START AVAILABLE DATA

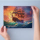 Experience the raw power and drama of the high seas with our captivating painting depicting a Sail Ship on a Stormy Sea. As the fiery hues of the sunset clash with the ominous clouds overhead, a lone sail ship valiantly battles the raging waters, its sails billowing against the relentless wind. Every brushstroke captures the intensity of the storm, from the towering waves crashing against the ship's hull to the tumultuous sky ablaze with hues of orange and red. Despite the chaos, there's a sense of resilience and bravery portrayed in this scene, reminding us of the indomitable spirit of seafarers facing nature's fury. Whether displayed in a nautical-themed room or as a striking centerpiece in your home, this painting is sure to evoke a sense of adventure and awe in all who behold it. (1001).
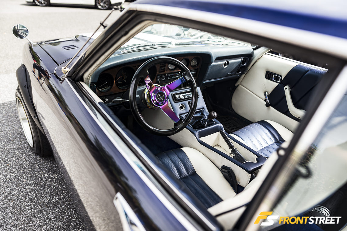 This first-gen Celica was in excellent shape, especially considering its vintage, somewhere between 1975 and 1977, designated by the square corner light in the fenders. It used the 20R 2.2-liter inline 4-cylinder engine and five-speed manual transmission.
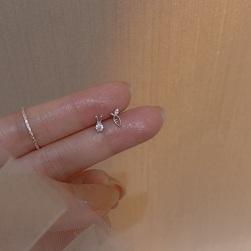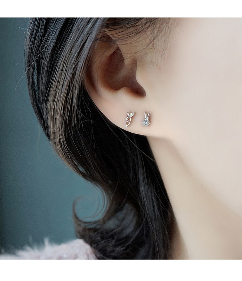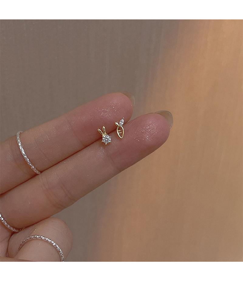 【Umi】可愛小兔子與蘿蔔不對稱造型耳環(日韓時尚潮流女飾品 銀色耳飾 耳針 耳墜 耳釘 生日 情人節 禮物)
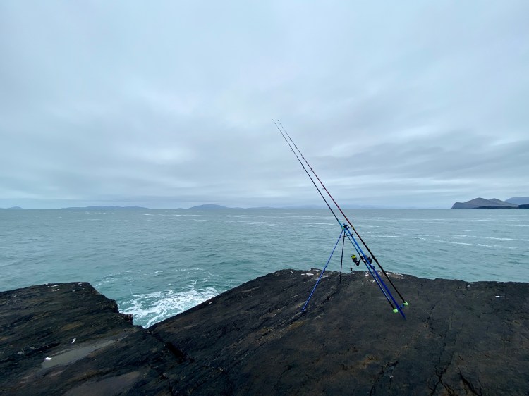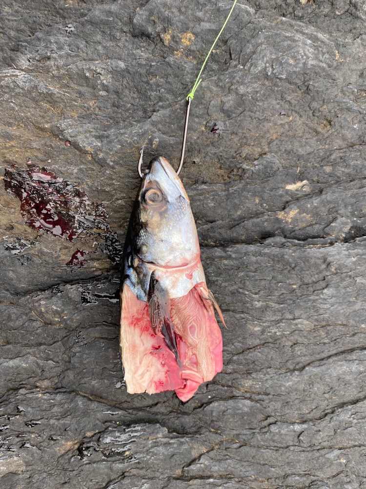 It was at this point that the monsters of the deep had roused from their lairs in the cliff face, and with an almighty rattle and pull my entire rod rest tumbled over towards the edge of the cliff. A friend managed to grab the rod to stop it being pulled out to sea, while I climbed up from the casting platform that I was spinning on below and ran over to try and reel the beast in. The weight was unbelievable! I could feel the fish pulling away from where I wanted it and slowly creeping back in towards the cliff. Snagged! I had been pulled back into the monster’s lair, line snapped and rig lost, I quickly ran over to my tackle box and re-attached a new rig, lead and mackerel head. Dropping it back down the side of the cliff again, this time a little further out to try and give me more of a window to pull the beast to the surface before it could retreat into it’s cliff hole. My lovely soft-tipped beach rods which are great for spotting the tiniest of bites were no match for these huge weights, the bend in the rod was far too forgiving for the fish and didn’t allow me to control the fight.

END AVAILABLE DATA

> [PROBLEM STATEMENT] Only the pictures may be dropped when you copy the data above; everything else stays exact.

> [SOLUTION TO THE EXERCISE]
 Experience the raw power and drama of the high seas with our captivating painting depicting a Sail Ship on a Stormy Sea. As the fiery hues of the sunset clash with the ominous clouds overhead, a lone sail ship valiantly battles the raging waters, its sails billowing against the relentless wind. Every brushstroke captures the intensity of the storm, from the towering waves crashing against the ship's hull to the tumultuous sky ablaze with hues of orange and red. Despite the chaos, there's a sense of resilience and bravery portrayed in this scene, reminding us of the indomitable spirit of seafarers facing nature's fury. Whether displayed in a nautical-themed room or as a striking centerpiece in your home, this painting is sure to evoke a sense of adventure and awe in all who behold it. (1001).
 This first-gen Celica was in excellent shape, especially considering its vintage, somewhere between 1975 and 1977, designated by the square corner light in the fenders. It used the 20R 2.2-liter inline 4-cylinder engine and five-speed manual transmission.
 【Umi】可愛小兔子與蘿蔔不對稱造型耳環(日韓時尚潮流女飾品 銀色耳飾 耳針 耳墜 耳釘 生日 情人節 禮物)
 It was at this point that the monsters of the deep had roused from their lairs in the cliff face, and with an almighty rattle and pull my entire rod rest tumbled over towards the edge of the cliff. A friend managed to grab the rod to stop it being pulled out to sea, while I climbed up from the casting platform that I was spinning on below and ran over to try and reel the beast in. The weight was unbelievable! I could feel the fish pulling away from where I wanted it and slowly creeping back in towards the cliff. Snagged! I had been pulled back into the monster’s lair, line snapped and rig lost, I quickly ran over to my tackle box and re-attached a new rig, lead and mackerel head. Dropping it back down the side of the cliff again, this time a little further out to try and give me more of a window to pull the beast to the surface before it could retreat into it’s cliff hole. My lovely soft-tipped beach rods which are great for spotting the tiniest of bites were no match for these huge weights, the bend in the rod was far too forgiving for the fish and didn’t allow me to control the fight.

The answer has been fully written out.